На странице NCBI genome был произведён поиск по организму Neisseria meningitidis. В таблице с записями были оставлены колонки с штаммом, сборкой, уровнем сборки и размером, чтобы выбрать примерно одинаковые по длине последовательности.
В итоге были выбраны следующие записи: CP020402, CP031334, CP020422.
При работе использовалась инструкция NPG-explorer.
В директории /term3/block2/credits в соответствии с требованиями был создан файл genomes.tsv, содержащий информацию о записях. Далее последовала команда npge Prepare, которая готовит последовательности и гены к дальнейшей работе. Команда npge Examine помогла перепроверить примерное соответствие длин хромосом (если длины последовательностей сильно отличаются, выйдет плохой пангеном), а также помогла узнать рекомендуемое значение параметра MIN_IDENTITY.
Для установки опций и использующихся программами значений командой npge -g npge.conf был создан файл npge.conf, в котором значение MIN_IDENTITY было заменено на рекомендуемое, а значение WORKERS заменено на 1, чтобы задействовать только один процессор и не перегружать систему.
Далее с помощью команды npge MakePangenome &> log1.txt был создан пангеном, сообщения перенаправлялись в файл log1.txt. После ввода npge PostProcessing &> log2.txt произошёл постпроцессинг, сообщения перенаправлялись в log2.txt. Чтобы убедиться, что пангеном получился хорошим, была использована команда npge CheckPangenome. В chek/isgood содержался перечень плохих блоков и заключение, что пангеном хорошим считать нельзя. Но нам остаётся довольствоваться имеющимся.
В файле pangenome/pangenome.info находится статистика о блоках разных типов, здесь найдём число коровых (s-)блоков. Их 589. Размер нуклеотидного ядра как процент нуклеотидов в ядре от числа нуклеотидов во всех геномах — 83.05%, процент консервативных колонок в объединённом выравнивании s-блоков — 86.85%.

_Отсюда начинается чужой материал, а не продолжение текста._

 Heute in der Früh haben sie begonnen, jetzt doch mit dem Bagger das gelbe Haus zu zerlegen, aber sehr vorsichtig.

В файле pangenome/pangenome.bi содержится информация о всех блоках разных типов. Импортируем его в гугл-таблицу для удобства работы. Отсортируем таблицу по имени блока (фильтровать по условию -> текст содержит-> h). По какой-то причине все полустабильные блоки присутствуют в первом и третьем геноме, но отсутствуют во втором (CP031334). Таким образом, делецию можно рассмотреть только для второго генома. Возмоно, это связано с тем, что первый и третий штаммы достаточно близки друг к другу.

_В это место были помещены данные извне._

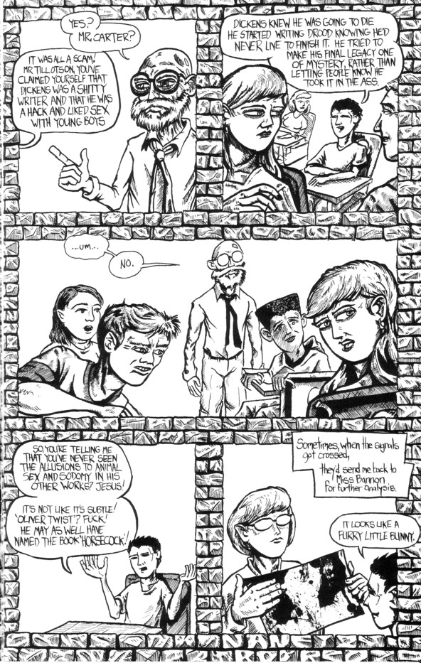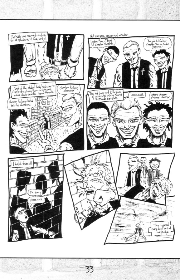 This issue is a lot more focused than the last one, as it’s all about Chester sitting in a bar and telling his life story to the bartender. Well, part of his life story, anyway. It goes from his being left on a church doorstep as a baby to life in a home for disturbed boys right up to the point that he gets some advice about attempting an escape. In other words, great stuff for a second issue, because now I can’t wait to see what happens next. Rafer also mentioned something at the start of this of only having 48 issues left to go, so here’s hoping that he has a plan, and the ability to finish, a 50 issue run. The back-up story, called Progressions (by Jeff Coleman & Stephen Greenwood-Hyde), is a rollicking kung-fu romp involving cheesy dialogue, many killings and close-ups of feet. If you think that’s a terrible idea, shame on you. Maybe for a huge series or something, but for 8 pages it’s wonderful. Anyway, as I may have mentioned, I have no idea where the main story is going here… and I couldn’t care less. As long as it’s good to read issue by issue I’m willing to wait for some serious cohesion. Contact info up there, it’s $2.95 and, as there are already at least 6 issues out, it might not be a bad idea to check a few of them out and see what you think…

Теперь отсортируем по длине (cols), выбрав самый длинный блок. Данные о соответствующем делеции блоке указаны в Таблице 1.

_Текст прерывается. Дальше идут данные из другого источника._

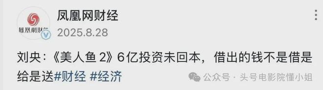 8月,投资人刘央自曝她为周星驰《美人鱼2》投入6亿,至今毫无动静。6亿资金被套牢,光按年化5%算,7年利息就约2.1亿。

Геном | Имя блока | Длина | Делетированные гены |
---|---|---|---|
CP031334 | h2x2947 | 2947 | DNA mismatch repair protein MutH; DNA (cytosine-5-)-methyltransferase |
Делеция таких важных генов вряд ли произошла бы без сильного урона для бактерии, поэтому логично предположить, что их копии есть в других участках генома.
Чтобы не тратить время на работу с переводом global-blocks/blocks.gbi в подходящий для анализа формат или на перестраивание таблицы lobal-blocks/global-fragments.tsv, я решил найти перестановки в визуализации. Пример такой перестановки представлен на Изображении 1. Блоки g3x20835 и g3x1227 в 53 и 57 позициях соответственно были взяты для удобства восприятия отсутствия одних блоков относительно других. В нашем случае блок g3x102 перемещён с 55 позиции на 59.
В блоке s3x2477 у первого и последнего генома аннотирован ген galactose mutarotase, во втором же геноме аннотация отсутствует. В блоке r31x128 аналогичная ситуация, только на этот раз в первом геноме есть аннотированная IS30-like element IS1655 family transposase, а в остальных нет.
NPG-explorer оказался весьма удобным инструментом для построения нуклеотидных пангеномов и их анализа. Файлы на выходе программы позволяют найти и проанализировать различные крупные эволюционные изменения.
В ходе работы стало ясно, что второй штамм самый далёкий от первого из исследуемых. Это видно по большому количеству перестановок синтений и по большому количеству делеций. В первом и втором штаммах предположительные их вообще не получилось найти.
Стоит также отметить, что даже несмотря на сообщение программой npge CheckPangenome, что пангеном получился плохим, никаких проблем кроме ошибок в аннотации не возникло.